McLennan County Grew by 2,500 People in 2009, New Census Estimates Show

March 24, 2010

McLennan County grew by more than 2,500 people between July 2009 and July 2008, according to a Baylor University sociologists' analysis of just-released Census Bureau estimates of counties and metropolitan areas in the United States.

The sociologists said that the slow but steady growth is a positive trend economically. It also is a plus because rapid, steep growth can pose problems as local government planners struggle to meet infrastructure demands and deal with heavier traffic, they said.

The estimated population grew from 230,849 to 233,378 in McLennan County, which constitutes the Waco Metropolitan Statistical area, said Dr. Charles Tolbert of Baylor's Center for Community Research and Development (CCRD).

The estimates are the last in a series that began after the 2000 Census, he said.

"By the time you reach Year Nine of a 10-year census window, your estimates really need a re-calibration that can only be done with the once-a-decade data," Tolbert said. "Still, these estimates are the best we are going to have until winter of 2011, when the first local results of the 2010 Census roll out."

The new numbers show an estimated population increase of 2,529 in 2009, which is very close to the estimated increases for 2007 and 2008, he said.

The estimates closely follow trends observed in recent years, said Dr. Carson Mencken of the CCRD.

"We continue to see overall population growth in the range of 1 percent per year," Mencken said. "At CCRD, we view this rate of growth as manageable and a net positive for local economic expansion."

The overall growth continues to be 60 percent "natural population," which means an excess of births compared to deaths in the county, said Dr. Larry Lyon, also of Baylor's CCRD.

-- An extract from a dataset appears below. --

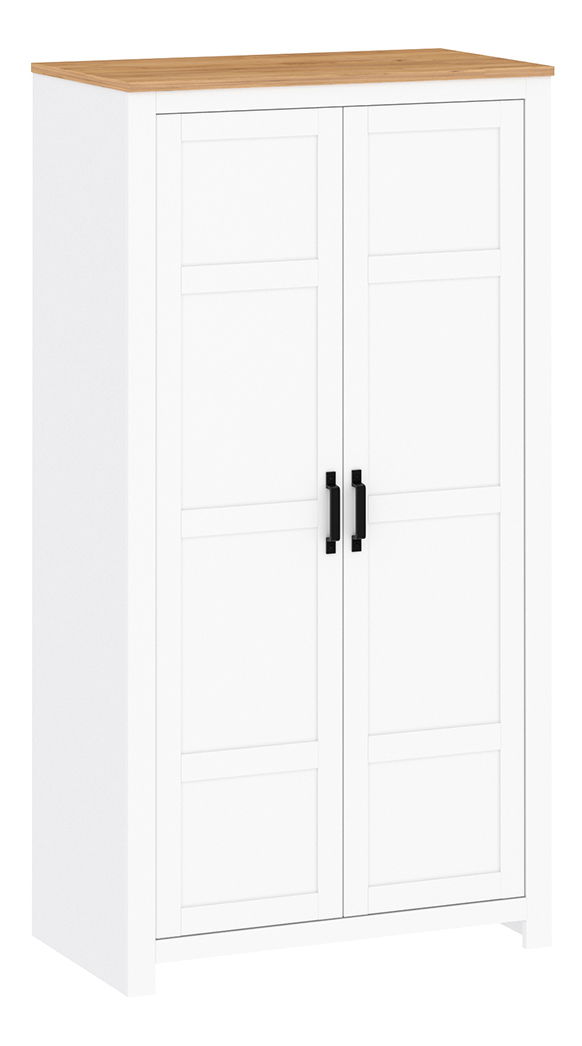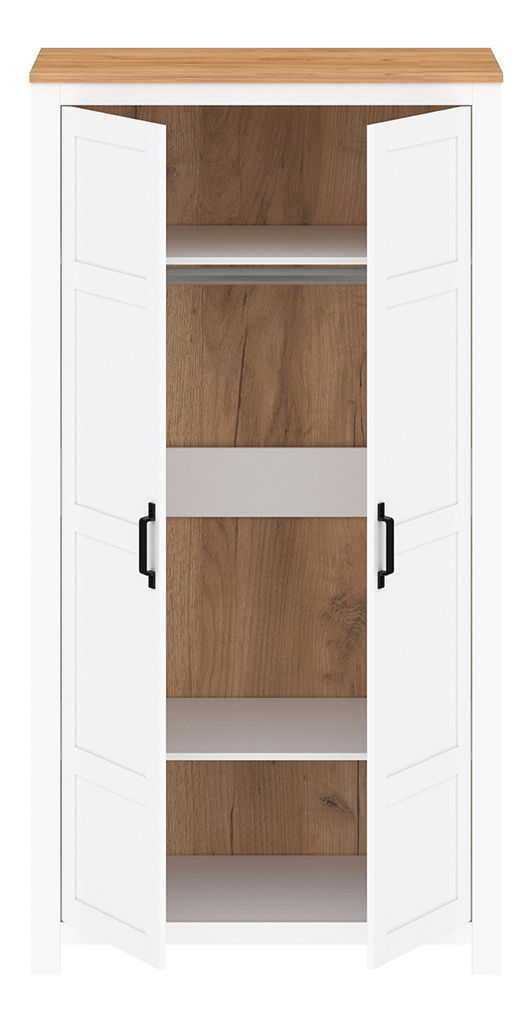 Šatní skříň Lanuelle F je výbornou volbou pro ty, kteří hledají spolehlivý a elegantní šatní prostor. S výškou 200 cm a hloubkou 58,7 cm poskytuje dostatek místa pro vaše oblečení a doplňky. Je vyrobena z DTD laminované desky s ABS hranami, a dostupná v bílém albíně nebo dubové craft zlaté barvě. S tloušťkou materiálu korpusu a vrchní desky 16 mm a 22 mm a tloušťkou dveří 19 mm je skříň pevná a odolná. Výška spodního prostoru od podlahy je 7,2 cm. Skříň obsahuje ozdobné úchyty, dvoudveřový design, věšákovou tyč a police. Dodává se v demontu. S touto skříní budete mít dokonalý prostor pro své šatstvo a zároveň si přidáte eleganci do svého interiéru.

"We do have positive net migration, but it accounts for 40 percent of growth at best," Lyon said.

The domestic in-migration stream continues to be larger than the international one, the estimates show.

"The international in-migration to McLennan County peaked in the middle part of the decade and is only about half now of what it was before the economic downturn," said Dr. Robyn Driskell of the CCRD.

Looking back to the beginning of the series in 2000 is important as county residents begin to return the 2010 Census forms, Tolbert said.

"We live in a county that added around 20,000 persons to its population in a ten-year period," he said. "That's nearly 10 percent growth. With the 2010 data, we will know much more about who these folks are and therefore more about what sorts of infrastructural adjustments may be needed.

"My hunch is that the natural growth is being driven by a younger population that is going through the family formation stage. That has implications for our early childhood facilities, our K-12 schools, and our technical and college-level providers."

Said Lyon: "It probably is to the county's advantage that it does not have the 3 percent annual growth that our Austin-area neighbors are experiencing. We have a chance to get ahead of this growth curve and maintain the quality of life in this area."

Mencken concurred: "I'll settle for the Waco-area rush minute any day over the rush hours our friends have just south of us."